§ Task objective: Your task is to reproduce exactly the lines from the one containing "ヴィンテージ家具 イギリスビンテージ ERCOL(アーコール)" through the last line below, both ends included, and nothing else, with no pictures.

§ Items listed in a dataset:
══════════

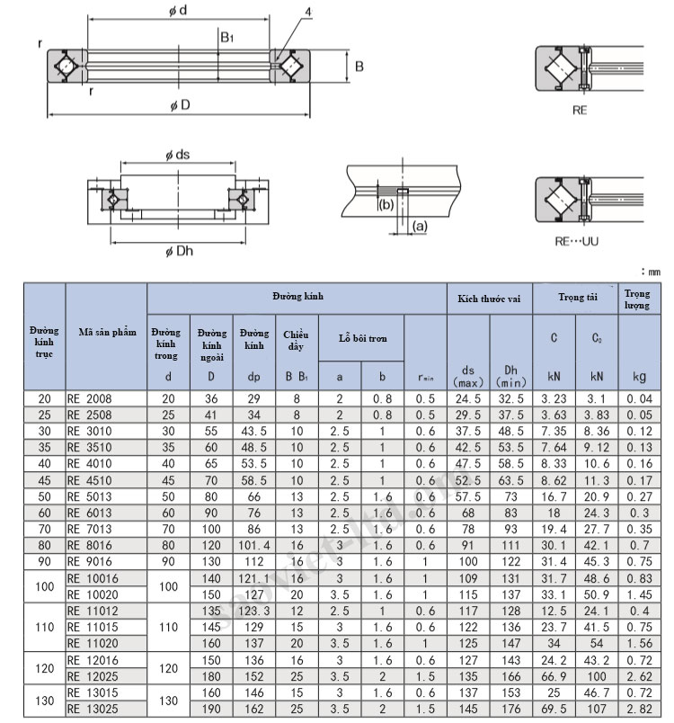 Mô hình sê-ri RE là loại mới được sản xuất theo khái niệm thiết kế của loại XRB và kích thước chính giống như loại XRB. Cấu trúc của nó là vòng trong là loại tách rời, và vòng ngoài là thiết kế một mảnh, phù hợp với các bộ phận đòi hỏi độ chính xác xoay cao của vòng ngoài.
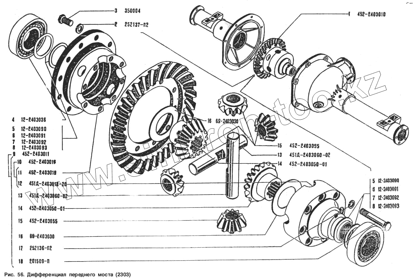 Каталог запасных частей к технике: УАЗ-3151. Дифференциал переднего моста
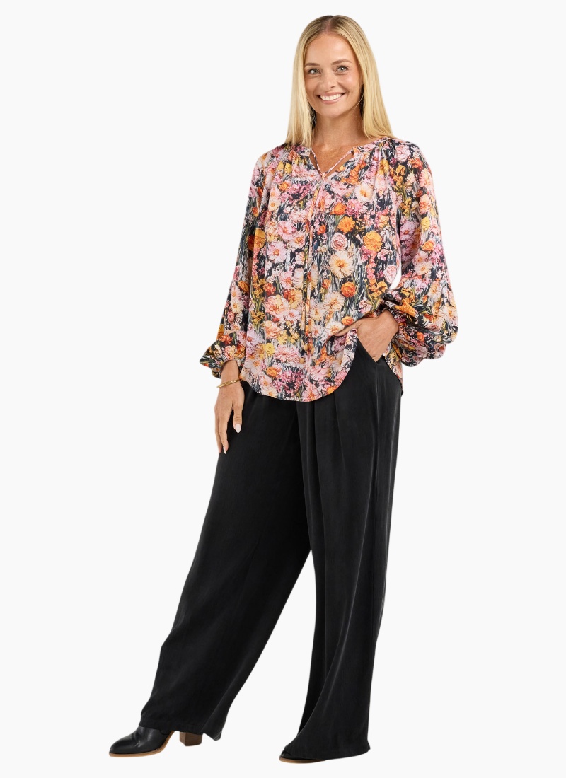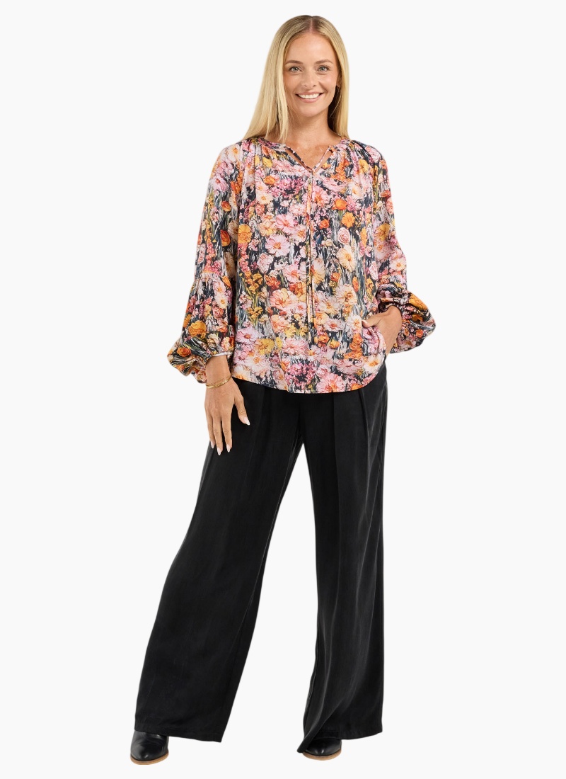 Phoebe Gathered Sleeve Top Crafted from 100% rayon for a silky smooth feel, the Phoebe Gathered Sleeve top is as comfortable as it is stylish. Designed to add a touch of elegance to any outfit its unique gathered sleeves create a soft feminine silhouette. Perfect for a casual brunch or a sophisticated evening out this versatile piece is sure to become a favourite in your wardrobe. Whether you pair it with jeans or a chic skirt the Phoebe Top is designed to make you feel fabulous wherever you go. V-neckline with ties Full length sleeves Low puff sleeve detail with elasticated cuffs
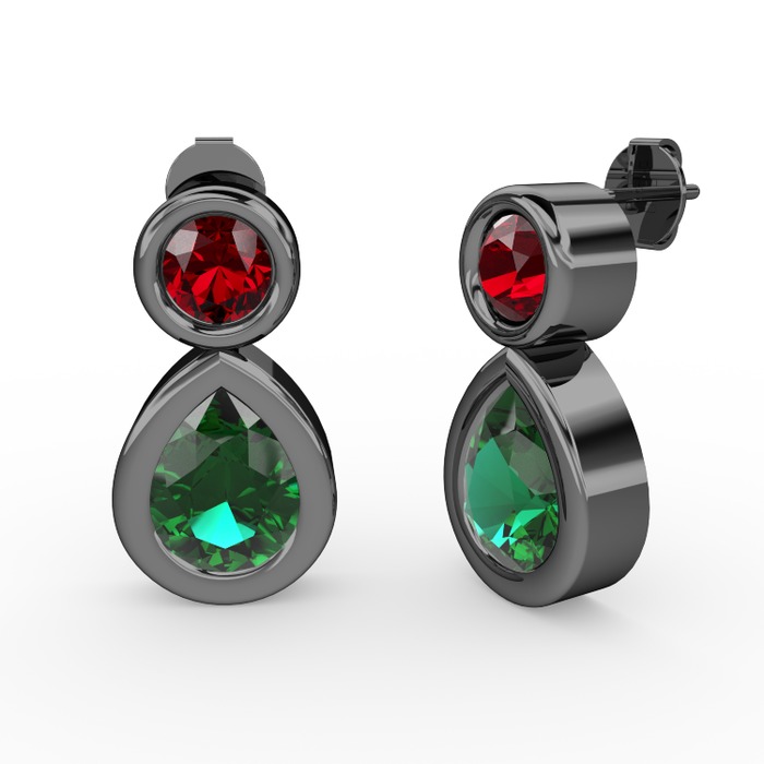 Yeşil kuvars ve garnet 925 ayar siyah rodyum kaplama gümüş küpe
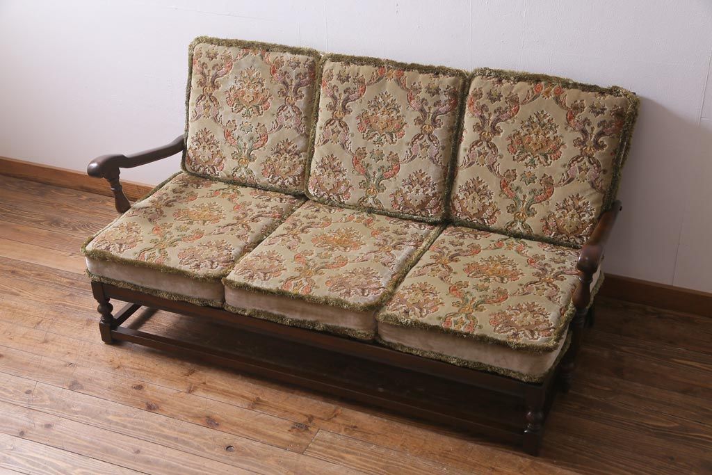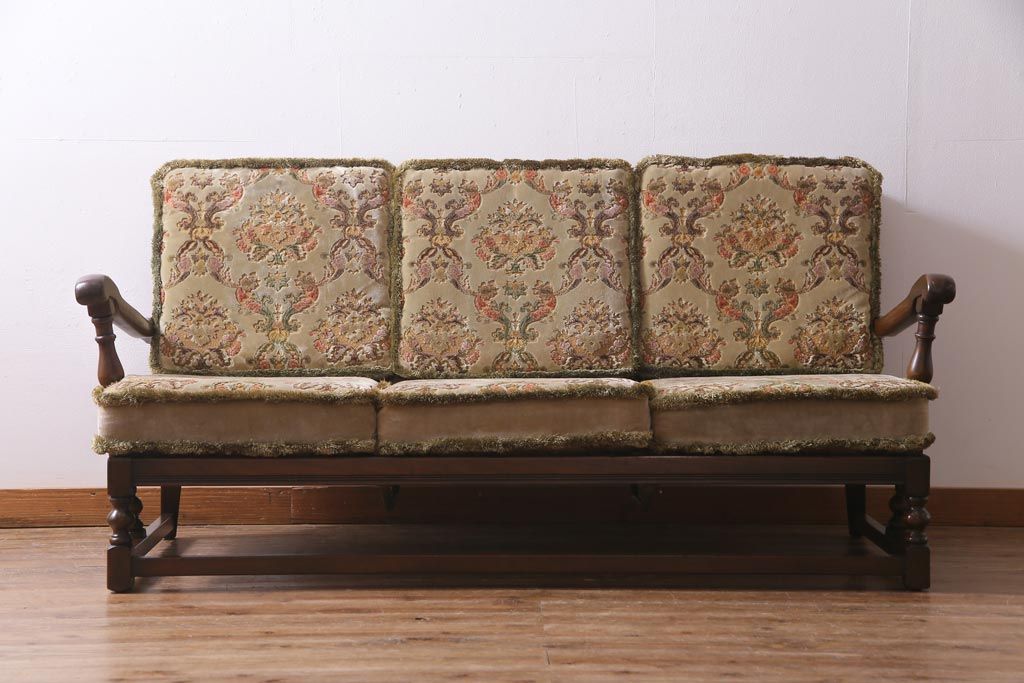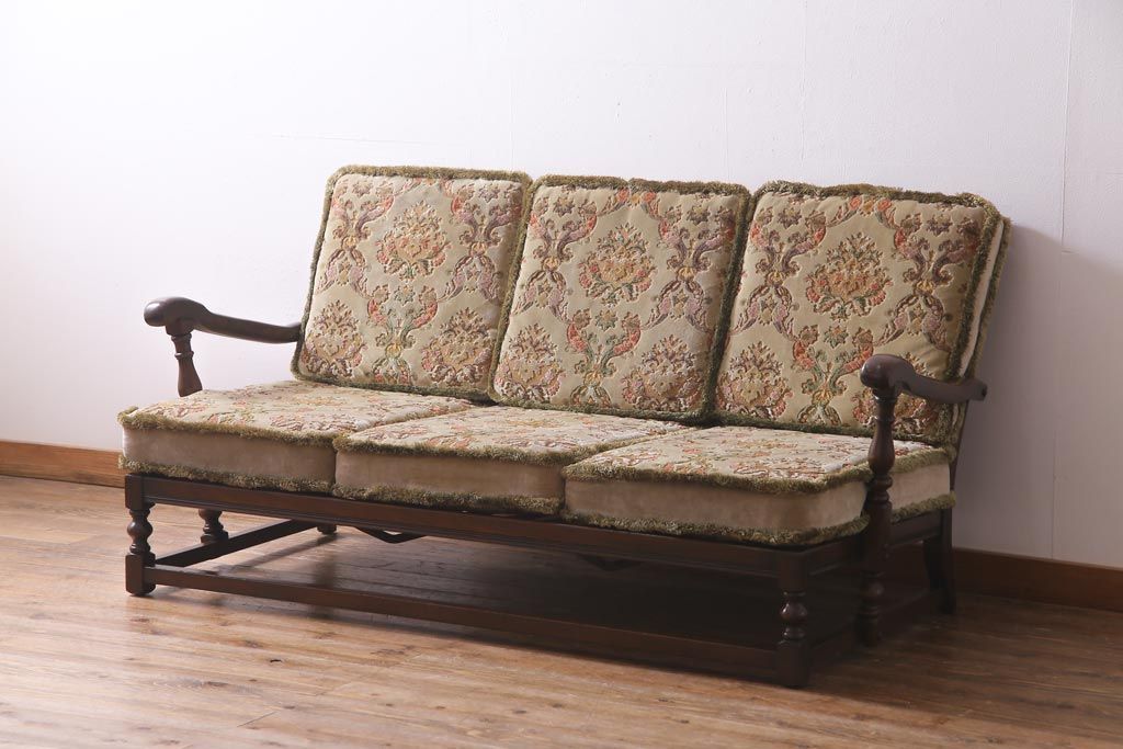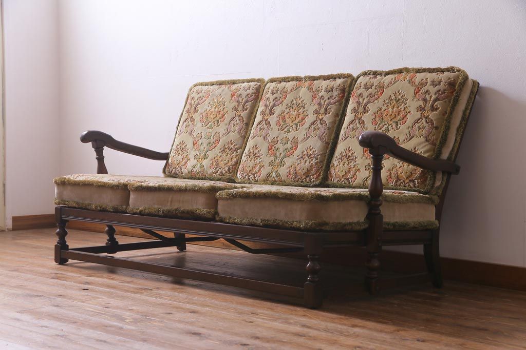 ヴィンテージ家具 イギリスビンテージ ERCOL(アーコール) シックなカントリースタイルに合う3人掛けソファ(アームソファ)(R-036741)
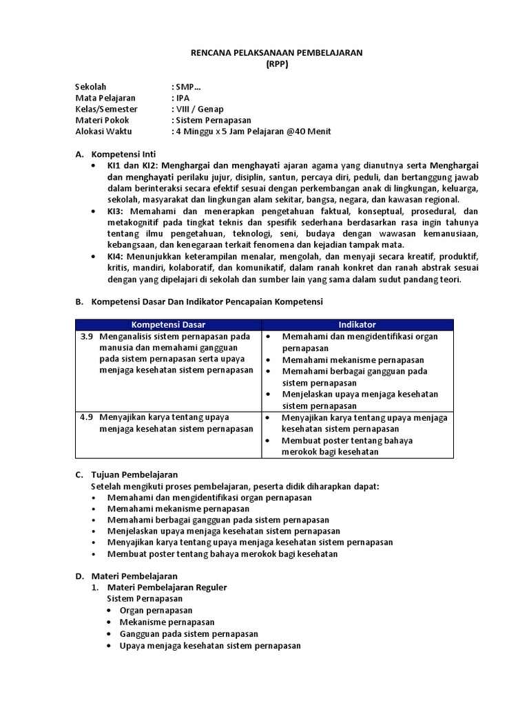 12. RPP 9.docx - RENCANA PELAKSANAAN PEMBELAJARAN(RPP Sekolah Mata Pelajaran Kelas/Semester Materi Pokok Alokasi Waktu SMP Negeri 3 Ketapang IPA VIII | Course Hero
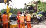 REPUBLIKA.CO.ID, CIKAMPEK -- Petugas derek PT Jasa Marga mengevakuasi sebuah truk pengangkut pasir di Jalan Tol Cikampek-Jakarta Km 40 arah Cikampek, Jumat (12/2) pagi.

══════════

§ Written answer:
 ヴィンテージ家具 イギリスビンテージ ERCOL(アーコール) シックなカントリースタイルに合う3人掛けソファ(アームソファ)(R-036741)
 12. RPP 9.docx - RENCANA PELAKSANAAN PEMBELAJARAN(RPP Sekolah Mata Pelajaran Kelas/Semester Materi Pokok Alokasi Waktu SMP Negeri 3 Ketapang IPA VIII | Course Hero
 REPUBLIKA.CO.ID, CIKAMPEK -- Petugas derek PT Jasa Marga mengevakuasi sebuah truk pengangkut pasir di Jalan Tol Cikampek-Jakarta Km 40 arah Cikampek, Jumat (12/2) pagi.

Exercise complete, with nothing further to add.